При виде чудесных произведений искусства и всевозможных редкостей, собранных в этом музее, я пришел в такой восторг, что сразу забыл все свои горести. В углу сидели несколько учеников-живописцев и копировали эмали для альбома гравюр, заказанного господином Дюсомераром. Я взглянул на их работу; мне показалось, что я мог бы делать то же самое ничуть не хуже; пожалуй, у меня был даже более верный глаз, чем у некоторых из них. В этот момент вошел господин Дюсомерар; мой спутник был с ним немного знаком, и они поздоровались. Несколько минут они стояли в отдалении от меня, но по взглядам, которые они бросали в мою сторону, я понял, что разговор шел обо мне. После завтрака я более или менее пришел в себя и начал понимать, что моя рваная одежда была неприлична и антиквар свободно мог принять меня за вора, если бы его собеседник не поручился за меня. Господин Дюсомерар очень добр; он не любит бахвалов, но охотно оказывает услуги беднякам, проявляющим усердие и бескорыстие. Он подошел и заговорил со мной; узнав, что я хотел бы для него работать, и, несомненно, приняв во внимание, насколько я нуждаюсь, он тут же вручил мне немного денег, якобы на карандаши, а в действительности, чтобы я мог приобрести самое необходимое из одежды. Он показал все, что мне надлежало скопировать. На другой день, прилично одетый, я уже сидел на своем новом рабочем месте. Я выполнил заказ на совесть и так быстро, что господин Дюсомерар остался доволен и снова дал мне работу. У меня есть все основания быть признательным господину Дюсомерару – ведь благодаря ему я остался жив. Он не только заказал мне множество копий с художественных изделий, но и рекомендовал меня нескольким ювелирам, – я рисовал им цветы и птичек для эмалей и женские головки для поддельных камей.

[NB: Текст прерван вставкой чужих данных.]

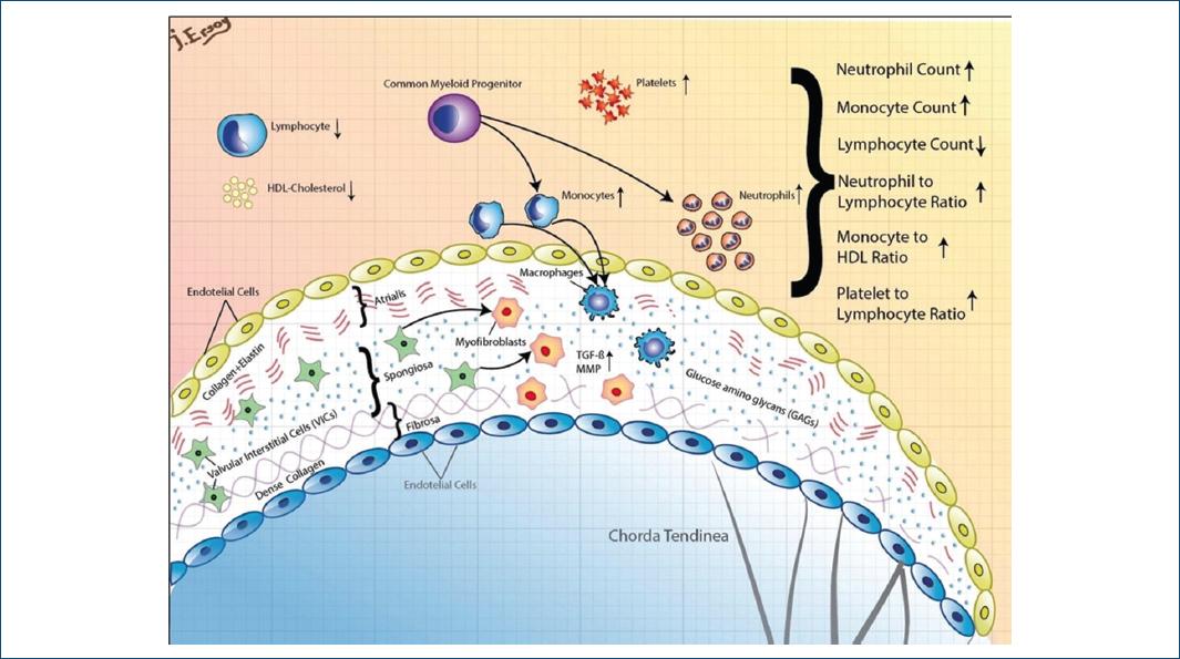 As known from the previous studies, HDL-C has anti-inflammatory effects, stimulates nitric oxide, and promotes angiogenesis18,19. Chang et al. detected decreased HDL-C in valvular heart disease, which is consistent with our results20. We found lower HDL-C, and higher TG and LDL-C levels in the MVP group and these findings were consistent with earlier studies21,22. A possible explanation may be that TG-rich lipoproteins and LDL-C may promote an inflammatory response causing upregulation of TGF-b and metalloproteinase levels23, and in the end result in valve degeneration. TGF-b is an essential factor for developing cardiac and valvular fibrosis. Monocyte reproduction is promoted by TGF-b in non-syndromic MVP24 and infiltrated monocytes turn into macrophages provoking myxomatous degeneration25. In our study, monocytes were higher in the MVP group, but this was not statistically significant. Furthermore, platelet counts were higher in our MVP patients. This result may be explained by the fact that inflammatory mediators stimulate megakaryocytic proliferation and lead to relative thrombocytosis. Although endothelial deformation of the valve surface plays a role in platelet dysfunction, it can cause overexpression, especially in mitral regurgitation26.

Таким образом, я мог последовать своему призванию и поступить в студию господина Делакруа, к которому я с первого взгляда почувствовал уважение и любовь. Я не попрошайка и никогда не посмел бы мечтать о том, что он предложил мне сам. Когда я впервые сказал ему о своем желании присутствовать на его уроках, то счел не лишним показать кое-какие свои наброски. Он просмотрел их и сказал: «Совсем недурно». Меня предупредили, что он не щедр на похвалы и, если он так скажет, я могу быть доволен. Я действительно был очень рад и уже собрался уходить, когда он окликнул меня и спросил, могу ли я платить за учение. Я ответил утвердительно, но при этом покраснел до корней волос. То ли он понял, как мне трудно будет сделать это, то ли ему обо мне уже говорили, но он добавил: «Отлично, вы будете платить старосте».
Это означало, как я вскоре узнал, что я буду вносить деньги лишь для оплаты помещения и натурщиков, сам же мэтр ничего с меня не возьмет и я буду пользоваться его уроками даром. Мудрено ли после этого, что он навсегда остался в моем сердце!
Так продолжается вот уже полгода, и я был бы счастлив, если бы так продолжалось всегда. Но это невозможно, мое положение должно измениться; и, вместо того чтобы следовать по одному из прекраснейших жизненных путей, я вынужден немедленно устремиться на любой другой путь.
Мазаччо заметно смутился; он стал не так пространно и чистосердечно излагать свои мысли. Он искал предлогов, но не находил ни одного мало-мальски правдоподобного, чтобы объяснить обуявшие его сомнения. Он показал мне письмо от своей сестры Луизон, сообщавшей о здоровье тетушки Генриетты. Добрая старушка окончательно одряхлела и могла лишь оберегать племянниц, которые работали поденно, чтобы поддержать ее существование. Врачи приговорили ее к смерти, и трудно было надеяться, что она проживет больше трех-четырех месяцев.